Fig. 1. In its February, 2011, report “MEMS Manufacturing & Packaging,” Yole Développement examines the technology trends shown in chart above. Many on these trends are also part of non-MEMS device fabrication as well.
One of the first approaches is to go from the traditional 2D assembly, in which all the electronic devices in a package are on the x-y plane, to a 3D technique, in which elements exists in the z plane as well. The common way to accomplish this is to stack die on top of each other and interconnect them.

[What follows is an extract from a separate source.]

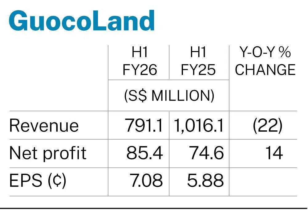 [SINGAPORE] Property developer GuocoLand on Thursday (Jan 29) posted a net profit of S$85.4 million for the six months ended Dec 31, 2025, up 14 per cent from the S$74.6 milllion booked for the previous corresponding period.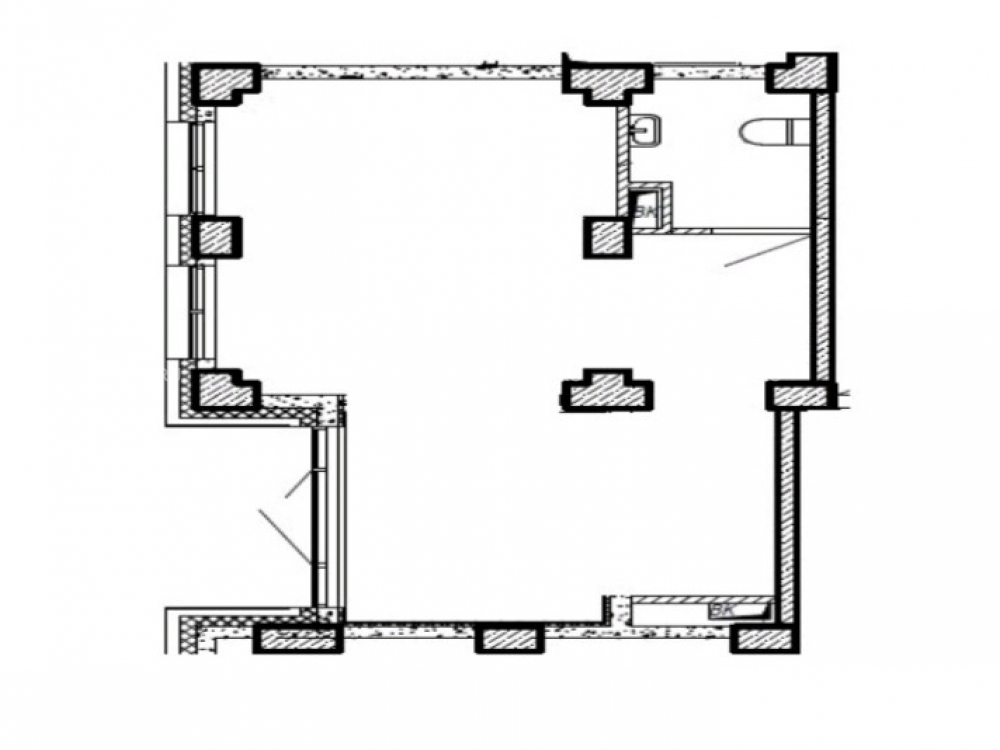 Технические характеристики: Первая линия, 48,5 м2, первый этаж 25-этажного жилого дома, зальная планировка, витринное остекление, высота потолков: 4.5, центральные коммуникации, бесплатная уличная парковка, отделка.

In the simplest case, the individual die can be connected to each other using wire bonding from the pads on the edge of one die to pads on the edge of another, or to pads that have been made on a device-supporting substrate (see Fig. 2 ). Spacers may be used between the die to separate them. The approach depends on using more-traditional wire bonding as the means of interconnection. Because it relies on wire bonds, however, this packaging approach, often referred to as system in package (SiP), is seen as not completely integrating the chips into a single circuit.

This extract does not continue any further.